A new approach for the field detection of sleep bruxism based on inertial sensor data and machine learning classification
摘要
Tracking of nightly oral parafunctional activities, such as grinding and clenching, is useful to monitor sleep bruxism. Although polysomnography remains the gold standard for overnight observations, home-based long-term recordings are wished, to ensure time-distributed data and better patient compliance. Technologies based on inertial measurement unit (IMU) sensors allow the production of compact, and easy-to-use sensing instruments. This study aimed to develop a proof of concept using IMUs to capture mandibular motion for sleep bruxism assessment and to evaluate the accuracy of machine learning algorithms in classifying motions.
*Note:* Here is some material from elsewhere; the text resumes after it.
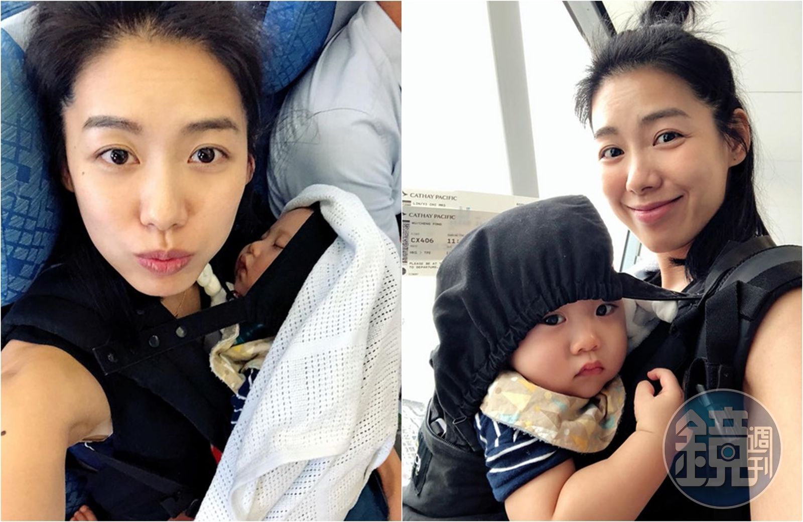 老公還在香港工作,林可彤只好獨自帶兒子Adam 返回台灣,幸好寶寶很乖,機上都在睡覺。(翻攝林可彤臉書)發布時間:2018.06.15 16:33 臺北時間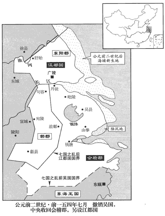 帝欲以吳王弟德哀侯廣之子續吳,以楚元王子禮續楚,德,哀侯廣之子,即德侯通也。禮時封平陸侯,為宗正。竇太后曰:「吳王,老人也,宜為宗室順善,今乃首率七國,紛亂天下,奈何續其後?」不許吳,許立楚後。乙亥‹二十四›,徙淮陽‹河南淮阳›王馀為魯‹山東曲阜›王,汝南王非為江都‹江蘇揚州›王,王故吳地。立宗正禮為楚‹江蘇徐州›王,立皇子端為膠西王,勝為中山王。中山王,都盧奴‹河北定州›。

A mobile recording setup was developed, incorporating an IMU equipped with tri-axial accelerometer, gyroscope, and magnetometer. A set of 21 in-vivo recordings from three individuals containing grinding and opening/closing mandibular movements was collected for ML algorithm training. The data was manually labeled and divided into train and test data (80/20). Several models were trained to classify the mandibular motion. Overall, the trained models were capable of correctly classifying up to 96% of the test data. The best results were obtained when data from all three sensors were used simultaneously. The results indicate that IMU sensors are a valuable option to assess mandibular motion for a small-scale wearable device.